Clustering Tracing: Which Clustering Method?

As a newbie to Machine Learning, I have a set of toolpaths that can have different lengths. I want to group them, because some of them are actually the same way , and they just SEEM are different due to noise.

In addition, not all of them have the same length . Therefore, it is possible, although the path A does not coincide with the path B, but it is part of the path B. I want to represent this property after clustering.
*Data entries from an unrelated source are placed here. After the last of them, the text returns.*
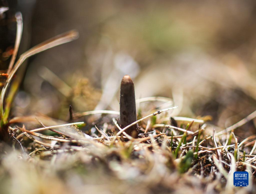 冒出尖頭的蟲草(5月25日攝)。新華社記者 姜帆 攝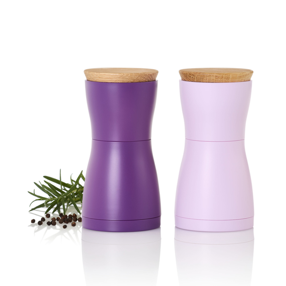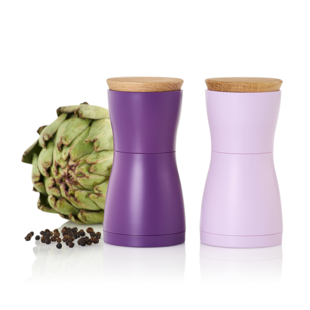 Zestaw młynków Twin został wykonany z tworzywa sztucznego uformowanego w smukły, przyjemnie spoczywający w dłoni kształt. Ceramiczne żarna osadzone na trzpieniu ze stali nierdzewnej, charakteryzują się odpornością na korozję i nie przenoszą smaków oraz zapachów, dzięki czemu smak przypraw pozostaje zawsze nieskazitelny. Zaś szeroki zakres regulacji grubości mielenia za każdym razem pozwala na uzyskanie zamierzonego efektu. Drewniana przykrywka nie tylko szczelnie chroni przed kurzem żarna, ale ogranicza wietrzenie przypraw. Młynki Twin mają spory pojemnik na przyprawy zamykany szeroką pokrywką. Młynek został zaprojektowany przez AdHoc Design Team. Nie należy myć w zmywarce. Materiał: tworzywo, zatyczka drewno, stal nierdzewna, żarna ceramika. Przybliżone wymiary młynka: wysokość - 13,5cm, średnica góra - 6,3cm, średnica dół - 6,8cm. Przybliżone wymiary brutto: wysokość - 16,5cm, długość - 14,5cm, szerokość - 7,3cm. Przybliżona waga brutto: 0,381kg. Opakowanie: kartonowe pudełko prezentowe.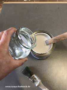 - Ich habe beim Streichen immer ein Wasserglas in Reichweite und gebe nur sehr wenig Wasser in den Farbtopf hinein. Lieber in Etappen verdünnen, als auf einen Schlag zu viel (geht auch bei Bedarf zwischendurch- falls die Farbe eindickt).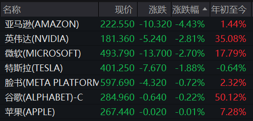 科技股集体走弱,"科技七巨头"全线下挫,亚马逊大跌4.43%,英伟达跌2.81%,微软跌2.7%,特斯拉跌1.88%。英伟达本月已下跌超10%,市场正密切关注其将于周三公布的三季度财报。美股市场芯片股普遍下跌,费城半导体指数跌2.31%,迈威尔科技大跌近6%,美光科技跌逾5%,超威半导体跌超4%,ARM跌逾3%。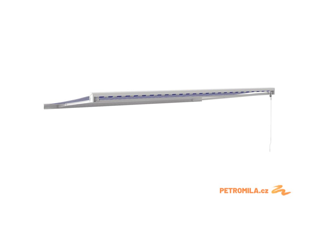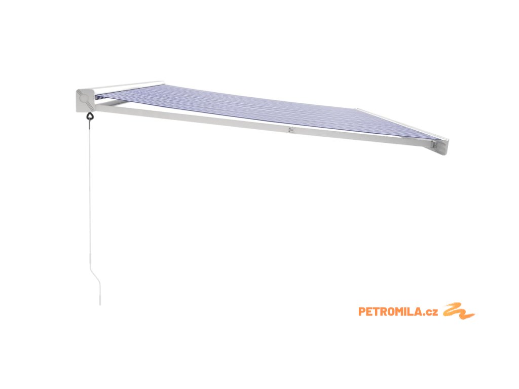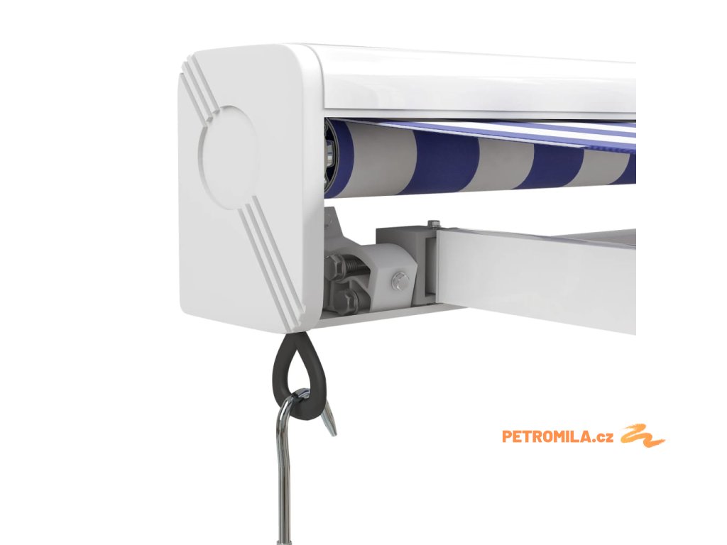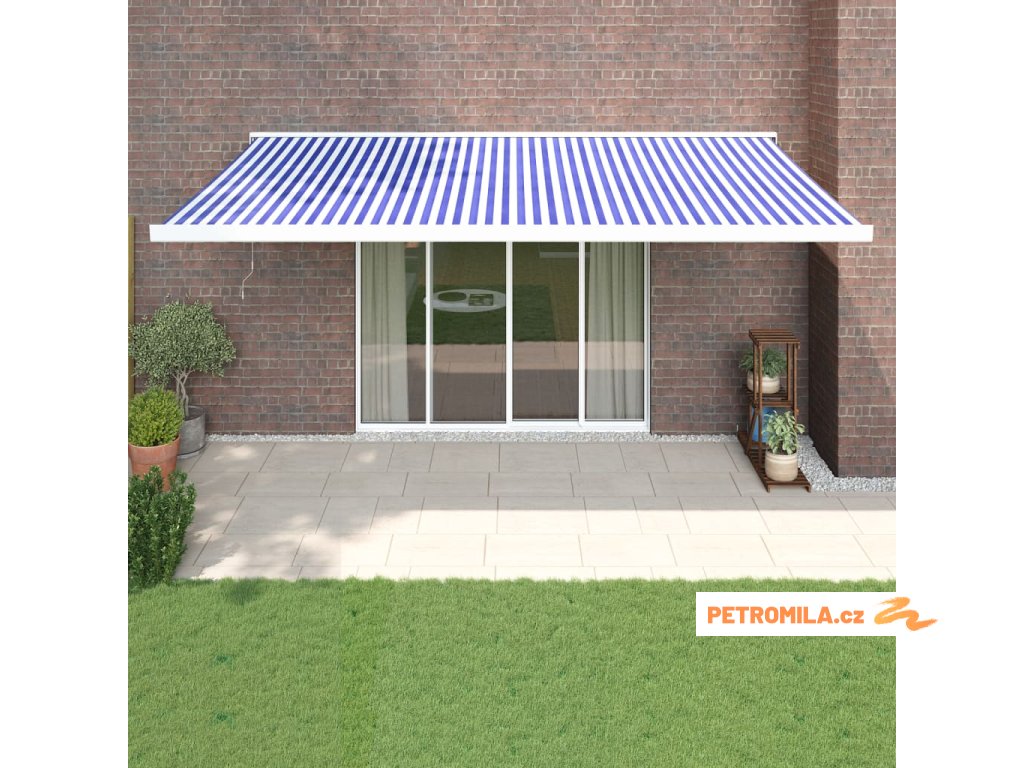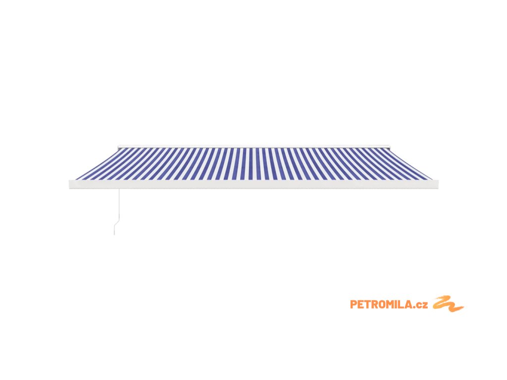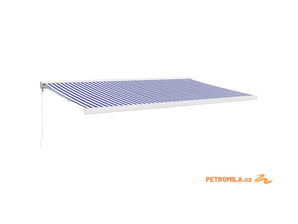 Zatahovací markýza modrá a bílá 5 x 3 m textil a hliník
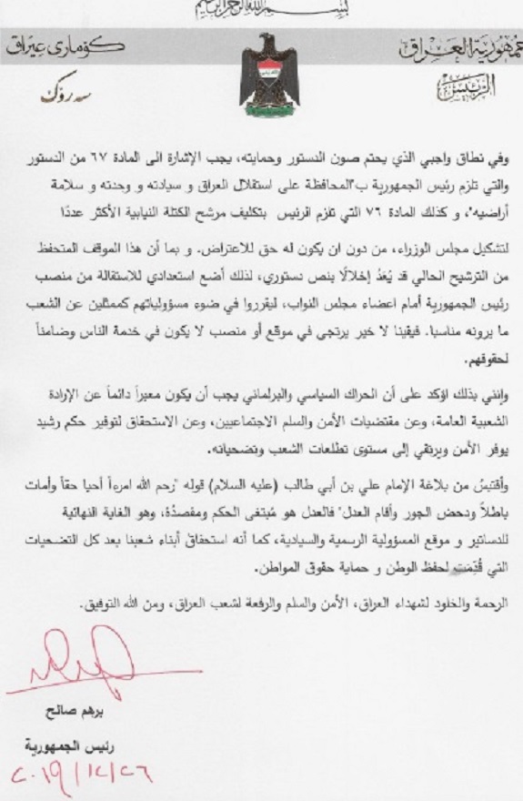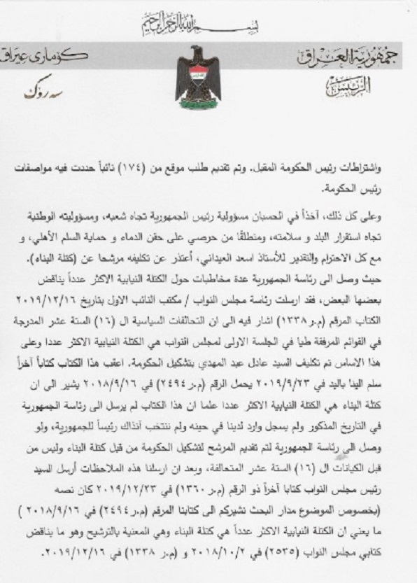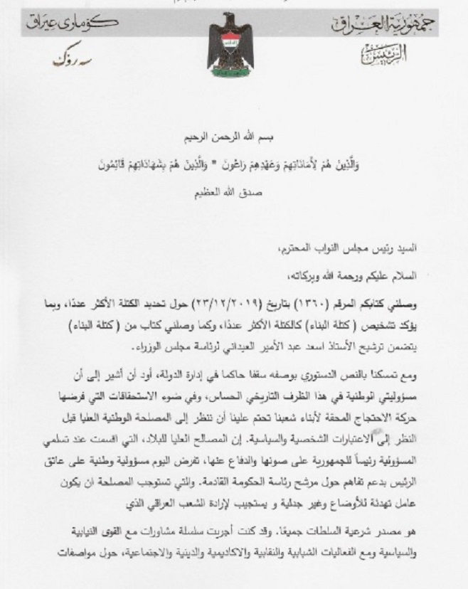 تنشر وكالة انباء براثا نص استقالة رئيس الجمهورية برهم صالح التي ارسلها الى البرلمان

I have only a little knowledge of K-means Clustering and Fuzzy N-means Clustering . How can I choose between the two? Or should I use other methods?

Any method that takes into account "affiliation"? (for example, after clustering, I have 3 clusters A, B and C One particular trajectory X refers to cluster A And the shorter trajectory Y , although it is not grouped into A , is identified as part of trajectory B )

==================== UPDATE =======================

The above trajectories are those of pedestrians. They can be represented either as a series of points (x, y) , or a series of step vectors (length, direction) . The presentation form is under my control.

+7
algorithm machine-learning cluster-analysis data-mining
source share
4 answers

It might be a little late, but I'm also working on the same issue. I suggest you take a look at TRACLUS , an algorithm created by Jae-Gil Lee, Jiawei Han and Kyu-Young Wang, published on SIGMOD07. http://web.engr.illinois.edu/~hanj/pdf/sigmod07_jglee.pdf

This is the best approach I've seen for clustering toolpaths because:

  • Common sub-trajectories can be detected.
  • Focuses on segments instead of dots (therefore, filters out noise emissions ).
  • He works on trajectories of various lengths .

In principle, this is a two-phase approach:

  • First phase . Section. Divide the paths into segments. This is done using MDL optimization with complexity O (n), where n is the number of points in a given trajectory. Here, the input is a set of paths, and the output is a set of segments.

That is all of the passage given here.